Credit Card Regulations Bite from Today–But It’s Not All Good News
Credit Card Regulation Has Limits
Elizabeth Warren, the Harvard law professor who chairs the Congressional Oversight Panel, was a guest on HBO’s Real Time with Bill Maher show on Friday. And she drew an analogy that graphically explains the limitations of new credit card regulations that come into force today.
She said that relying on laws to control credit card companies was like building a fence on open prairie. The new act erected 10 fence posts (one for each of its key provisions, depending how you define “key”), but any half-decent lawyer–and card issuers employ armies of them–could get around them.
Ms Warren advocated the creation of a super regulator. To extend her simile, the regulator would be like cowboys, permanently stationed at each end of the fence, who would turn back stampeding steers.
Credit Card Terms Already Changed
Issuers have already taken advantage of the nine months between the signing of the act and its implementation to change many credit card terms in ways that disadvantage their customers.

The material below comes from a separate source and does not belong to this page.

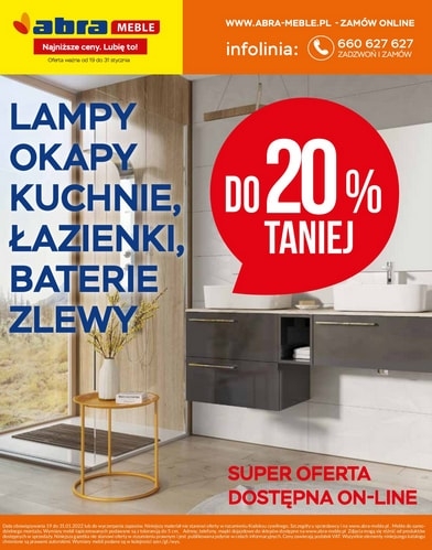 {loadposition linkAbra} 'Lampy, okapy, kuchnie, łazienki, baterie i zlewy' - nowa gazetka promocyjna sieci sklepów Abra Meble. Polecane promocje z gazetki Abra Meble: Lampa Diamond - 59,99 zł. Kuchnia Vigo 260 - 1999 zł. Zlew Kreta - 339 zł.…

For example, the law prevents companies from hiking credit card rates except in certain very specific circumstances. So the issuers simply switched many cards from fixed-rate deals to adjustable-rate deals, allowing them legally to increase the interest charged when wider rates increase.
Yesterday’s Washington Post carried a piece under the headline, “Beware of the Loopholes in the New Credit Card Law” that detailed other potential abuses. These include pressurizing customers to opt into costly overlimit fee programs, the re-balancing of fee structures so that those not covered by the new law become more expensive, and the imposition of exorbitantly high penalty interest rates, which are still not capped by the federal government.

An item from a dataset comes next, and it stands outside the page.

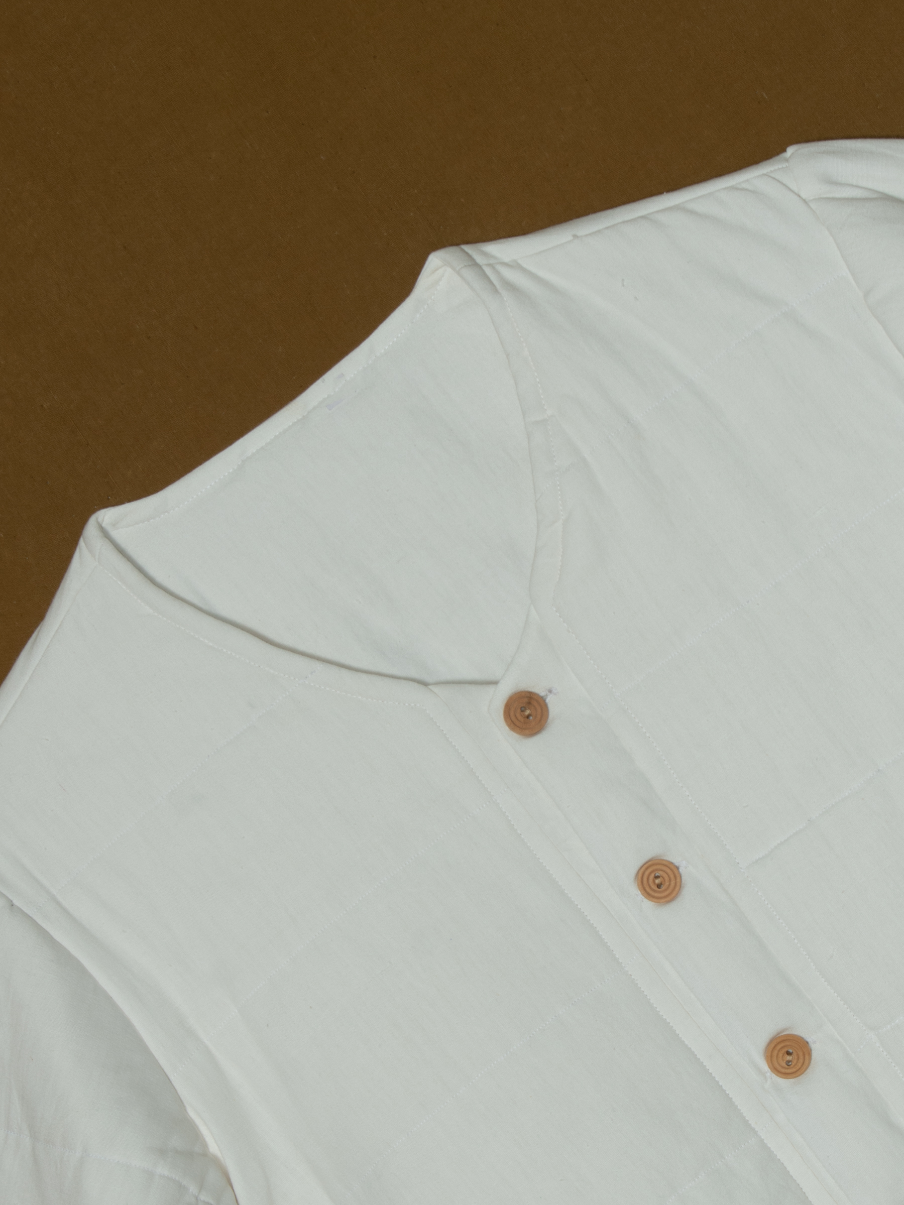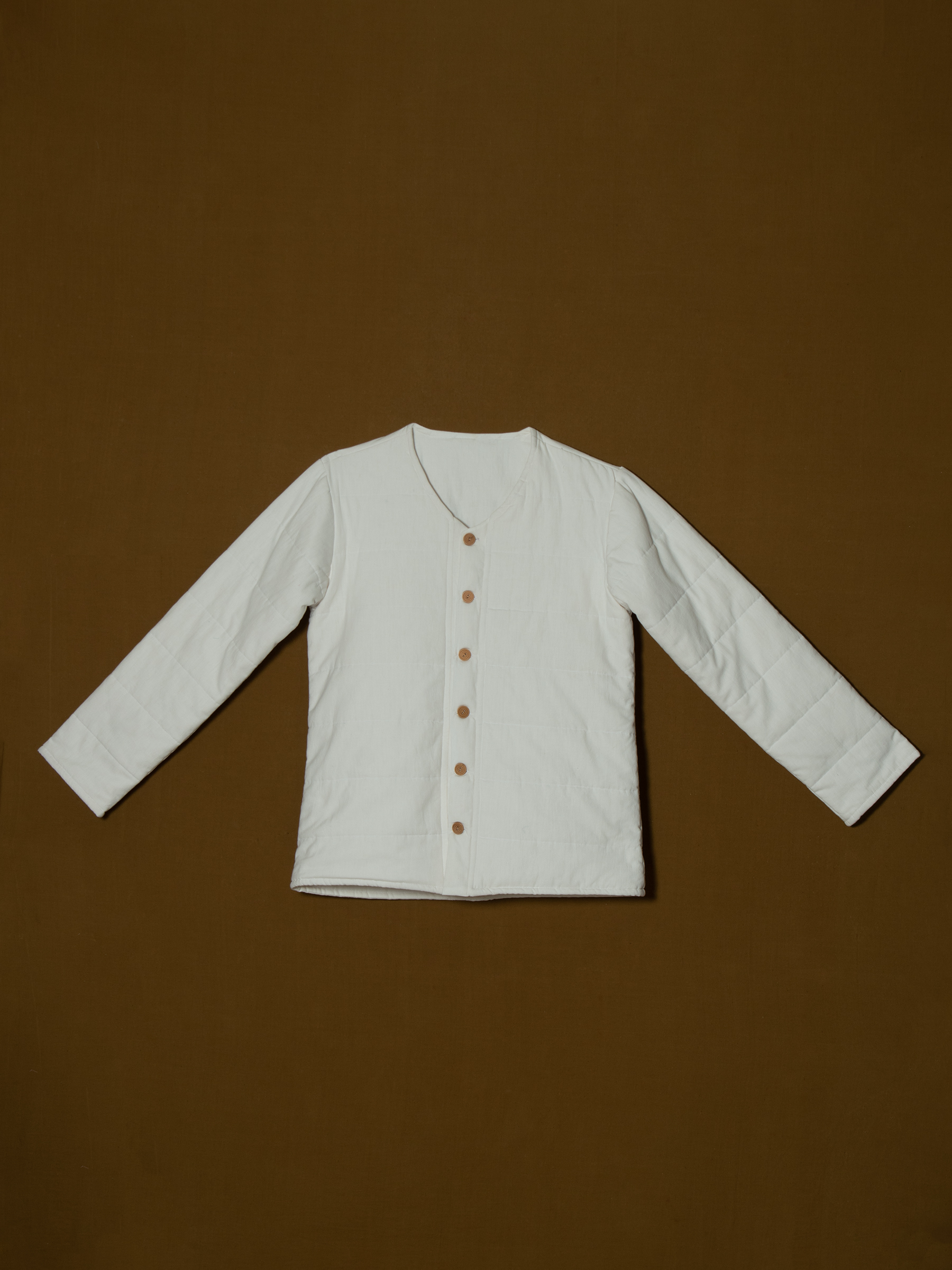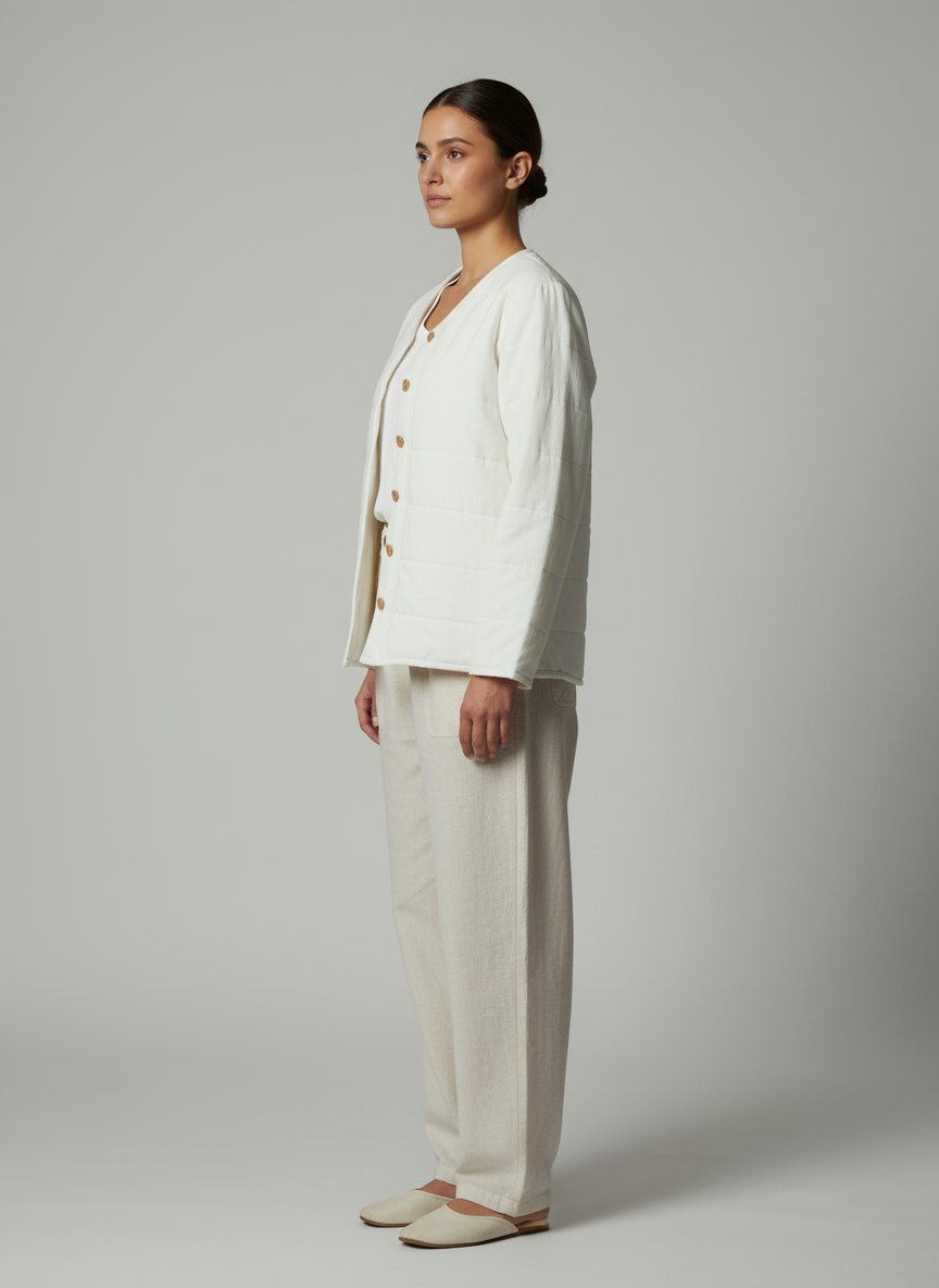 Drawing inspiration from the polished elegance of women's leather jackets, this structured V-cardigan offers a softer, sustainable alternative for winter layering. With its full sleeves, button-down front, and quilted batting for added warmth, it delivers both comfort and sophistication. Designed in breathable handwoven cotton, it’s a versatile piece for ethical wardrobes.

Chi Chi Wu, who is a staff attorney at the National Consumer Law Center, told the Post:
We’ve always known credit card companies are very, very clever in getting more profit out of consumers. And they are going to be even more clever in finding ways to make more money even with these new rules.
Credit Card Rates Up
Meanwhile, ABC News reported–also yesterday–that the average rate offered to those making new credit card applications was 13.6 percent last week, up from 10.7 percent during the same period last year.
At the same time, the number of credit card offers for accounts with annual fees jumped from 25 percent in the last quarter of 2008 to 43 percent during the same period in 2009. And issuers have been imposing other new sorts of fees, including those for paper statements and account inactivity.
Fees levied on balance transfer credit cards have also increased widely. For instance, JPMorgan Chase has hiked its balance transfer fee from three percent to five percent.
Credit Card Companies Feeling the Pinch
Sunday’s Financial Times covered the story from the industry’s point of view. It said:
US credit card issuers are facing a $12bn revenue shortfall this year from price limitations imposed by new rules that take effect on Monday, according to an analysis by law firm Morrison Foerster…. Over five years, the overall hit to the industry could exceed $50bn, analysts and industry groups said.